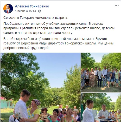 5 липня на сторінці Олексія Гончаренка у Facebook була оприлюднена публікація про його зустріч із виборцями в селі Гонората Подільського району. В ній зазначено, що в рамках програми Олексія Гончаренка розвитку Півночі Одеської області в селі Гонората було відремонтовано школу, дитячий садок та частково дорогу.
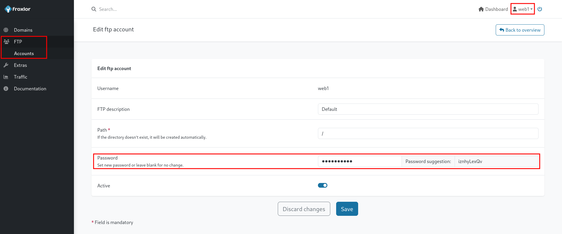 Knowing the password allows me to login as web1 and I can find another account for FTP with the same username. I proceed to reset the password there as well.
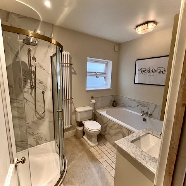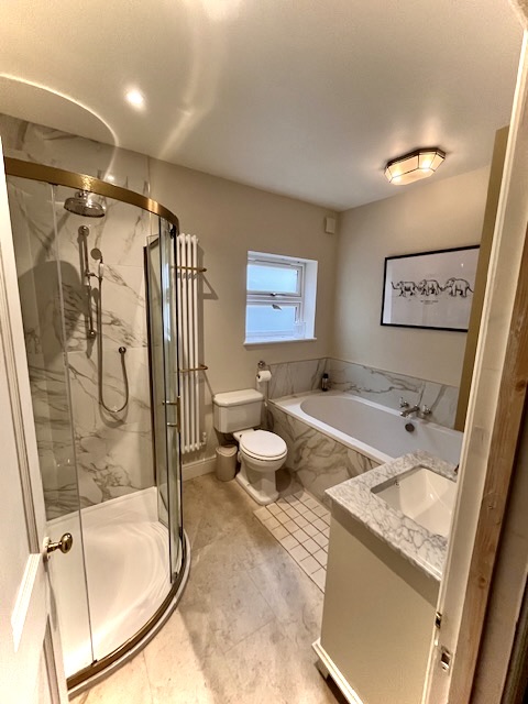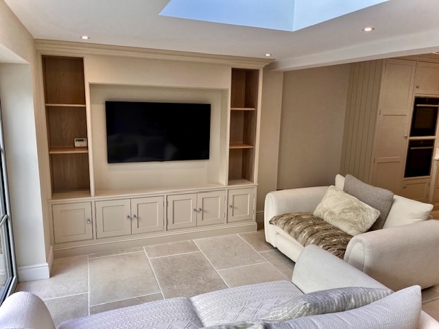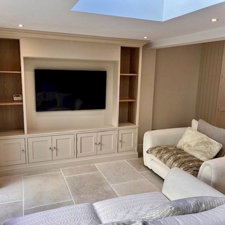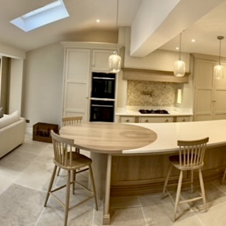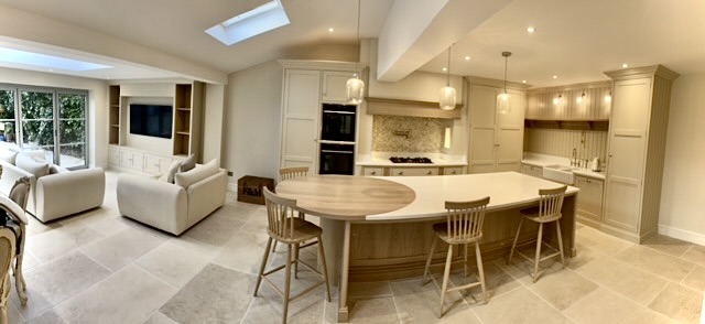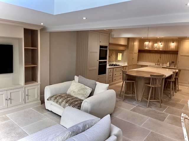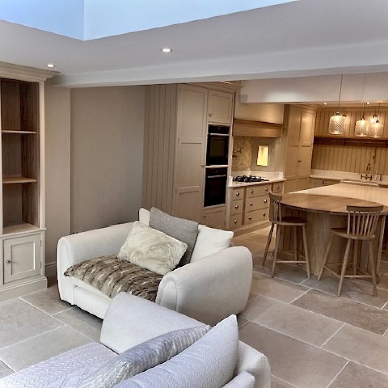 Installation of Velux windows and bifold doors enabled maximum light to flood into the space. Under the new travertine floor tiles, we installed underfloor heating throughout enabling the large area to maintain a constant comfortable temperature.
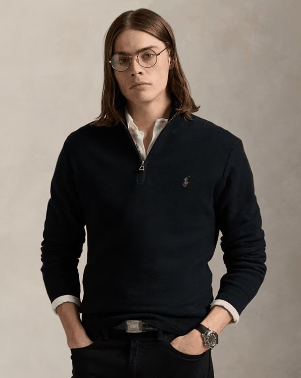 【Up to 59% off!】Mesh-Knit Cotton Quarter-Zip Sweater
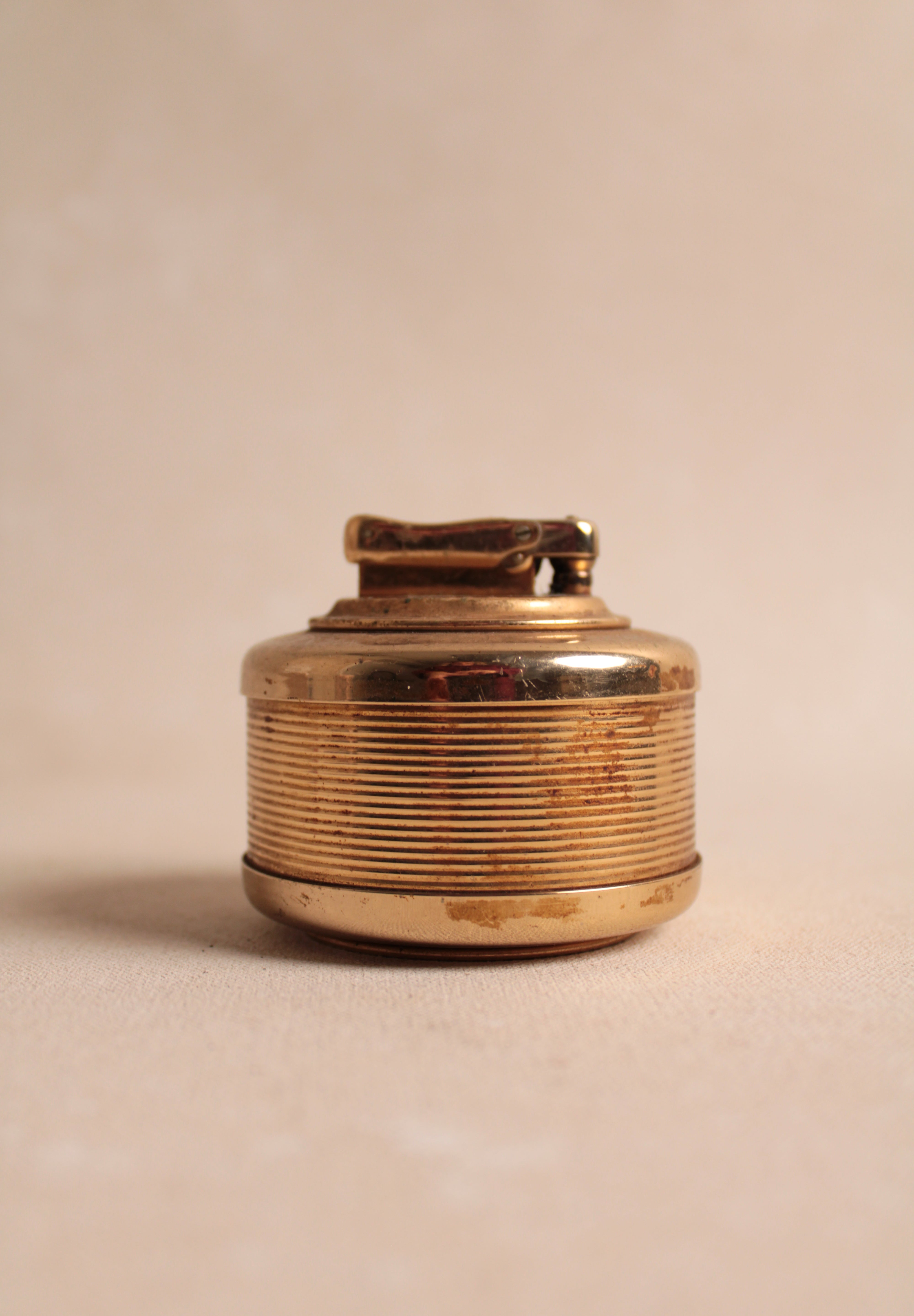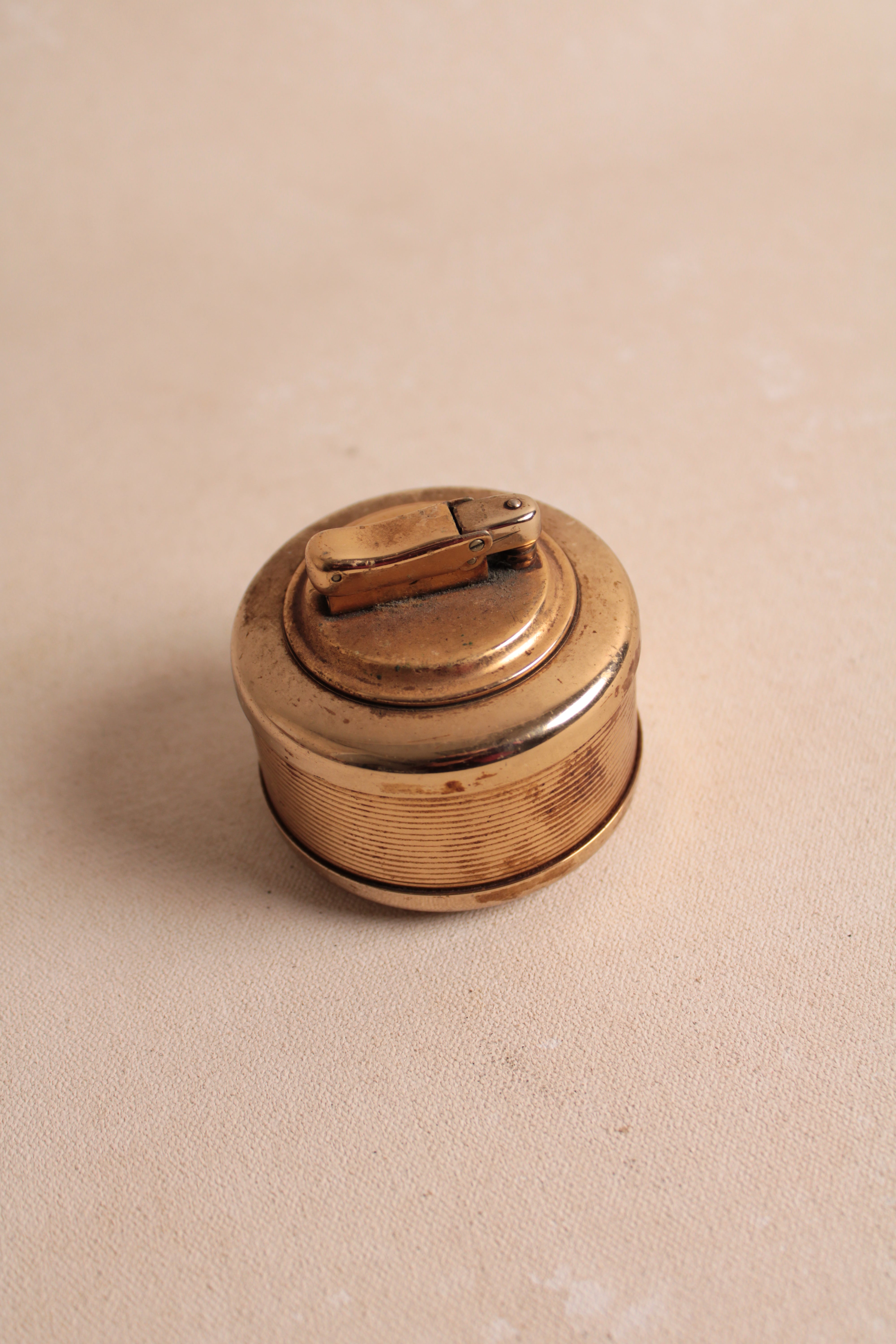 A distinguished vintage table lighter by Calibri Kreisler, rendered in lustrous gold and exemplifying the refined craftsmanship of European lighter manufacturing. This desktop accessory combines functional reliability with aesthetic sophistication, featuring the precision engineering and attention to detail characteristic of the Kreisler brand's reputation. The warm gold finish adds an element of understated luxury, making it an ideal accent for a desk, bar, or display shelf. Perfect for collectors of vintage smoking accessories, those who appreciate European design excellence, or anyone seeking a functional objet d'art that elevates everyday spaces with timeless elegance. A remarkable piece that bridges the practical and decorative, serving as both a conversation starter and a testament to the enduring appeal of mid-century craftsmanship and refined taste.
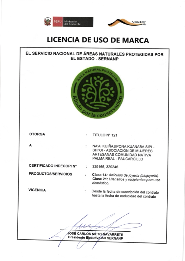 La Asociación de Mujeres Artesanas Na’ai Kuiñajipona Kuanaba Sipi – Shi’oi, de la Comunidad Nativa Palma Real (Paucarcillo), en Madre de Dios, es una organización que promueve la revalorización de los saberes ancestrales del pueblo Ese Eja a través de la artesanía tradicional.
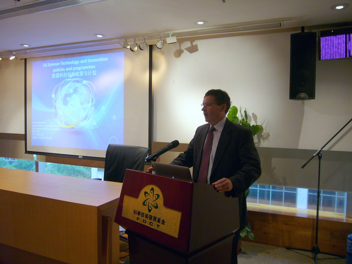薄思睿參贊表示“地平線2020計劃”是歐盟有史以來規模最大的研發創新計劃,擬在7年時間(2014-2020年)內投資近800億歐元,面向全世界開放,也面向澳門的科研人員和單位開放,希望澳門的科研人員能與歐盟的同行展開合作,共同申請。澳門團隊在參與過程中遇到任何疑問和困難,歐盟駐京和駐港澳的相關部門都會全力提供協助。Frederic Bretar先生介紹了法國參與“地平線2020計劃”的情況,並表示歡迎澳門與法國加強科技方面的交流和合作。
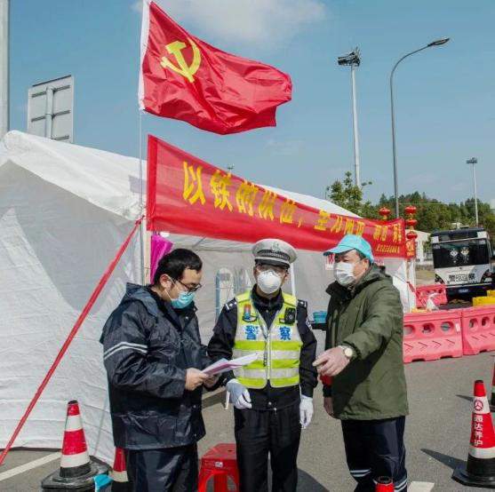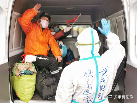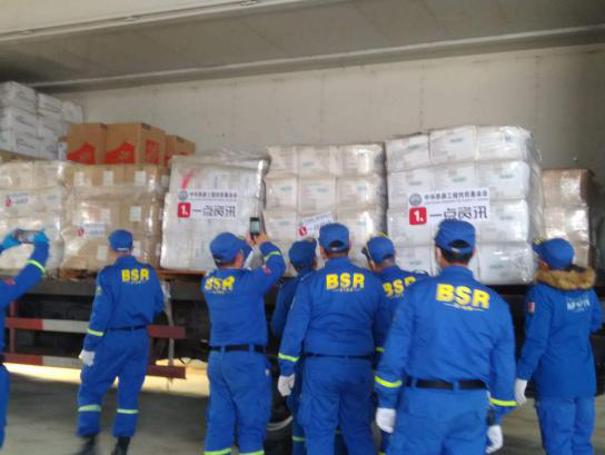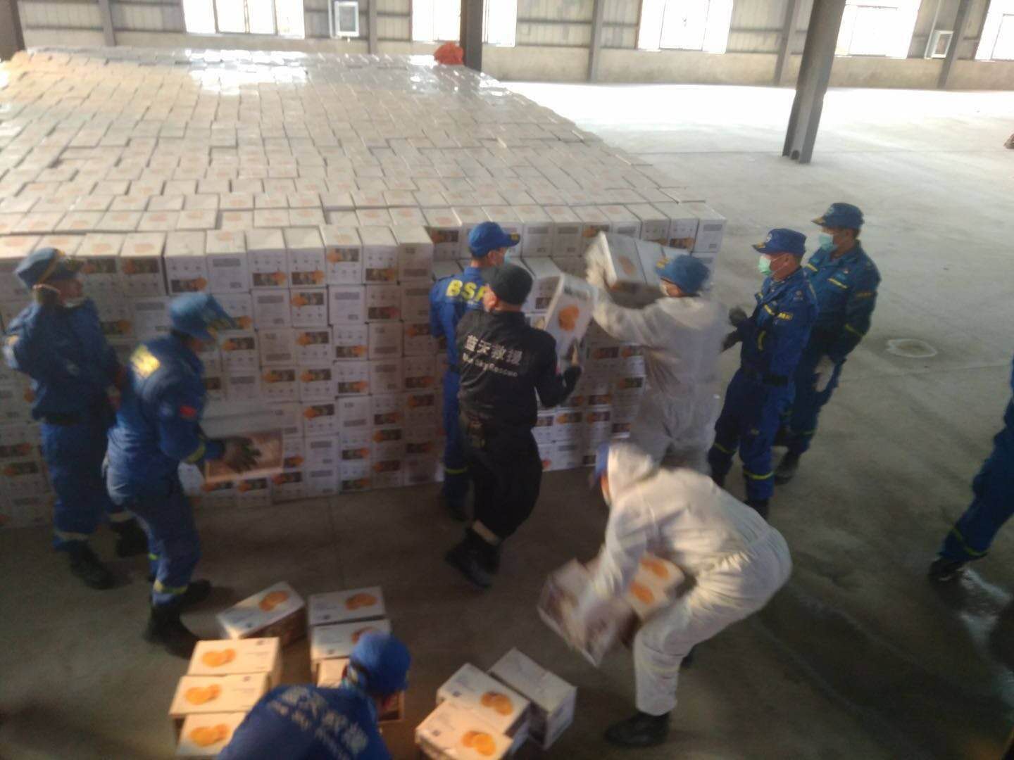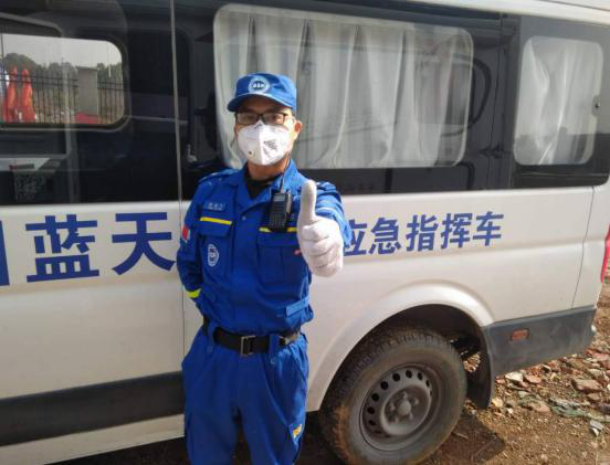 蓝天救援队在武汉排队进行体温检测 蓝天救援队在武汉搬运各地捐赠物资
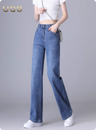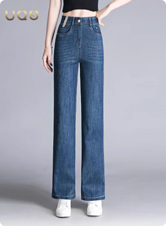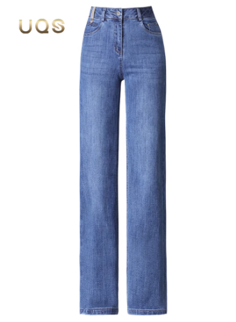 品牌蓝色阔腿牛仔裤女秋季新款2025显瘦垂感好看百搭直筒长裤
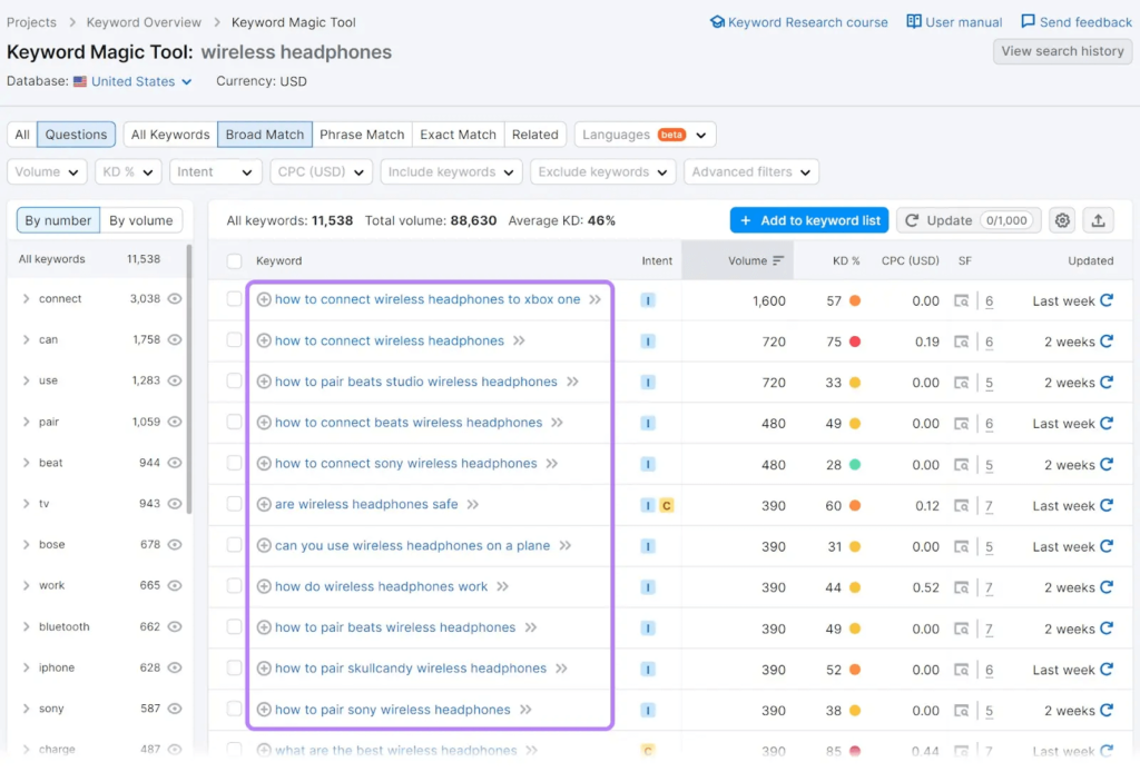 For example, I researched the keyword “wireless headphones.” on Semrush and will get a list of related keywords as below:

# ACTIVITY
Would you give again exactly the lines from the line containing "蓝天救援队在武汉排队进行体温检测 蓝天救援队在武汉搬运各地捐赠物资" through the end of the listing, both ends included, without any pictures?

# SOLUTION BELOW
 蓝天救援队在武汉排队进行体温检测 蓝天救援队在武汉搬运各地捐赠物资
 品牌蓝色阔腿牛仔裤女秋季新款2025显瘦垂感好看百搭直筒长裤
 For example, I researched the keyword “wireless headphones.” on Semrush and will get a list of related keywords as below:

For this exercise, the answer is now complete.